For projects using Jane Street’s opam-repository overlay:

[sandbox]
allow_network = ["opam.ocaml.org", "github.com", "v3.ocaml.janestreet.com"]

Limitations

  • Training data lag: LLMs may generate OCaml 4.x patterns. The AGENTS.md must explicitly state the target version. OCaml 5.4 features like labelled tuples and immutable arrays are especially likely to be missed 1.
  • No REPL integration: Unlike ClojureMCP’s nREPL bridge, there is no persistent utop session exposed via MCP. The ocaml/eval tool evaluates expressions but does not maintain state between calls 2.
  • WIP tools: ocaml/find-definition, ocaml/find-references, and ocaml/type-at-pos in ocaml-mcp-server are marked work-in-progress. Use the LSP bridge for these capabilities 2.
  • PPX expansion opacity: PPX-generated code (e.g., ppx_deriving, ppx_yojson_conv) is invisible to the agent unless explicitly expanded with dune describe pp 10.
  • opam solver complexity: opam install can take minutes for complex dependency resolution. Set timeout = 300000 for MCP commands that trigger opam operations.
  • Jane Street ecosystem divergence: Projects using Base/Core have substantially different idioms from Stdlib OCaml. The AGENTS.md must specify which ecosystem the project targets.

Citations

  1. OCaml 5.4.0 Release Notes — OCaml.org, February 2026. Labelled tuples, immutable arrays, atomic record fields, Merlin improvements.  2 3

  2. tmattio/ocaml-mcp — OCaml MCP Server — GitHub. Dune, Merlin, and file operation tools for AI coding agents.  2 3 4

  3. Using ocaml-lsp-server via an MCP server — Jon Ludlam, August 2025. LSP-MCP bridge configuration for OCaml. 

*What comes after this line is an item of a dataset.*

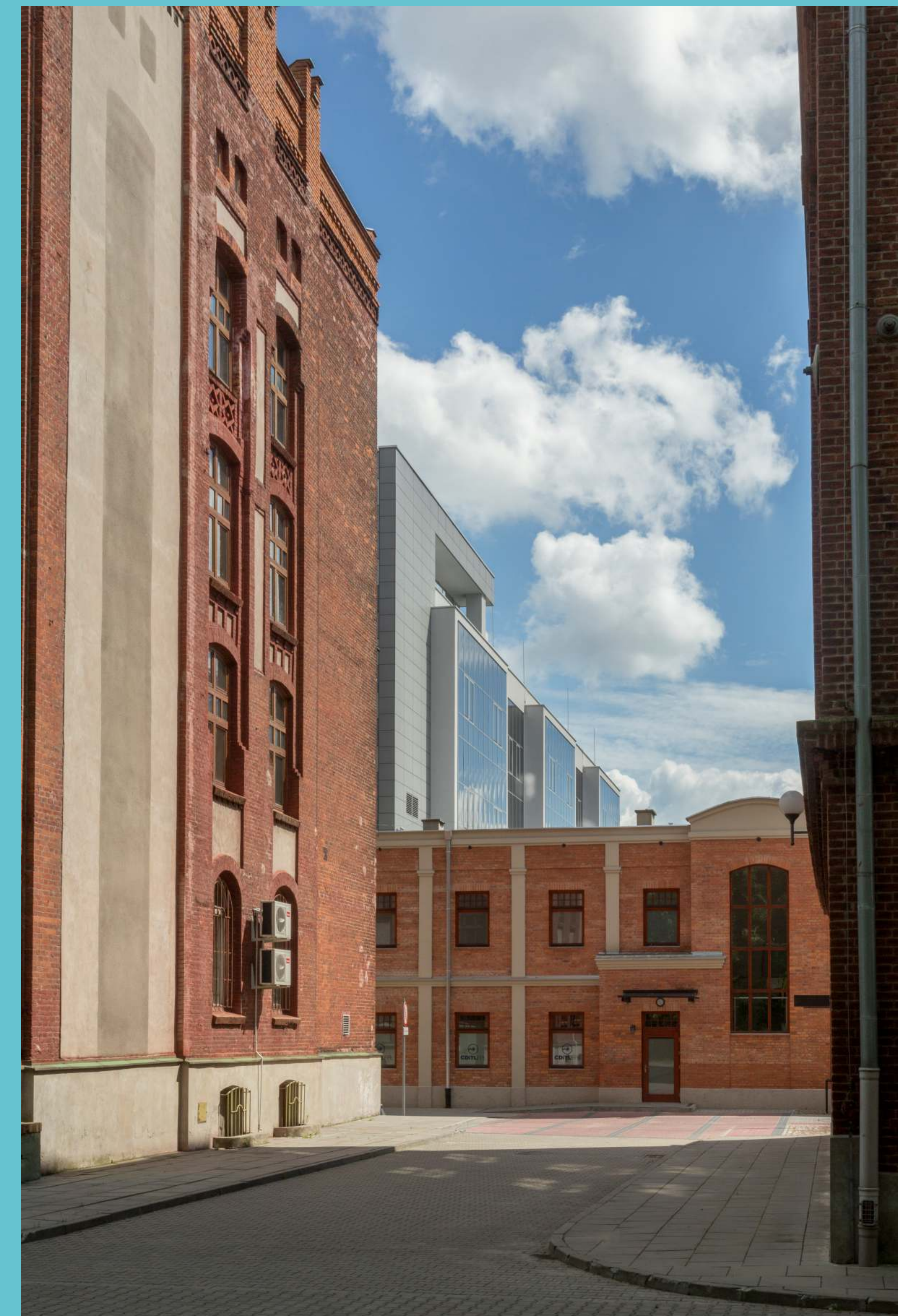
Kampus Politechniki Łódzkiej, część południowa, 2019 rok

  4. isaacphi/mcp-language-server — GitHub. Go-based MCP-to-LSP bridge adapter. 

  5. New releases of Merlin (5.6) and OCaml-LSP (1.24.0) — OCaml Discuss, 2026. Custom requests including refactorExtract, destruct, locate_types. 

  6. Custom instructions with AGENTS.md — OpenAI Developers. Discovery order, merge semantics, byte limits. 

  7. Non-interactive mode — codex exec — OpenAI Developers. Batch execution, structured output, approval modes. 

  8. OCaml MCP Server — Ecosystem Search — Jon Ludlam, August 2025. Semantic package search, sherlodoc integration, pre-alpha status.  2

  9. Models — OpenAI Developers — OpenAI. Current model capabilities and pricing. 

  10. Dune Reference — Preprocessing — Dune documentation. PPX pipeline and dune describe pp for expansion.